# BEEF HEART



## nemo (Apr 1, 2003)

WILL PUBLIX HAVE BEEF HEART?


----------



## rosecityrhom (Feb 3, 2003)

Any of you local grocery stores will have it and if you have a wincos in your state they will have it. Great prices!


----------



## RhomZilla (Feb 12, 2003)

Wuts PUBLIX?!?!







Deepnding where you live, best place and price to find meat are at asian markets. BeefHearts usually go for $.98 lbs. Also, check your neighborhood grocers or butcher stores.


----------



## thePACK (Jan 3, 2003)

RhomZilla said:


> Wuts PUBLIX?!?!
> 
> 
> 
> ...


 yeah either of these places that al mentioned you will find them..more likely the asian stores...


----------



## Winkyee (Feb 17, 2003)

If you can't find it , just check with local butchers , if they don't have it ,
They can order it.


----------



## GARGOYLE (Feb 12, 2003)

whatever you do, try to not buy the frozen beefheart at your LFS. You could get a lot more for a lot less at the places mentioned above.


----------



## SnowCichlid (Jan 10, 2003)

Just go to your nearest grocery store or meat shop and they will have some available
Look at my tutorial in the "tutorial" section to see how to prepare it for your piranhas
good luck :smile:


----------



## lastyboy (Apr 14, 2003)

Where i live you cant get it for all the tea in china!!!!!!!!

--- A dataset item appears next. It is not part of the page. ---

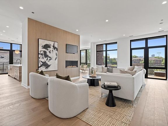 Premier new construction boutique elevator building overlooking Eckhart Park with sprawling 4200 sf floor plan all on one level making it an amazing single family home alternative. Residence 301 is the best floor plan in the building with an unprecedented 53 ft width, sunny southern and eastern exposure, ideal corner unit layout with 4 bedrooms + den + family room, 4.5 bathrooms and panoramic green views of the park with protected views of the Chicago skyline. Incredibly spacious living area with wide plank flooring, floor-to-ceiling windows, and feature wall with gas fireplace. High end chef's kitchen with custom full height shaker cabinetry, top of the line integrated appliances including SubZero, Wolf, & Bosch, quartz countertops & full height backsplash, and a plethora of storage including a walk-in pantry. Secondary family room with wet bar and beverage center. 4 generously sized en-suite bedrooms each separated for privacy plus an additional den with french doors perfect for home office or gym. Substantial primary suite with large walk-in closet, and spa-like bathroom with heated floors, water closet, oversized shower, and separate soaking tub. Full laundry room with side-by-side W/D and sink. This home boasts three sizable outdoor terraces with wood tile and synthetic turf. Two adjacent parking spaces in the attached heated garage included in the price. Hot Noble Square/West Town neighborhood, conveniently located minutes from downtown with Michelin Star restaurants, boutiques, and cafes within walking distance yet tucked away on a quiet tree lined street facing the park.

So i just use something else instead. :smile:


----------



## SnowCichlid (Jan 10, 2003)

lastyboy said:


> Where i live you cant get it for all the tea in china!!!!!!!!
> 
> So i just use something else instead. :smile:


 No cows over there


----------



## lastyboy (Apr 14, 2003)

there just isnt much call for it here, although funnily enough one of our biggest exports is beef-maybe they should save a little, eh?


----------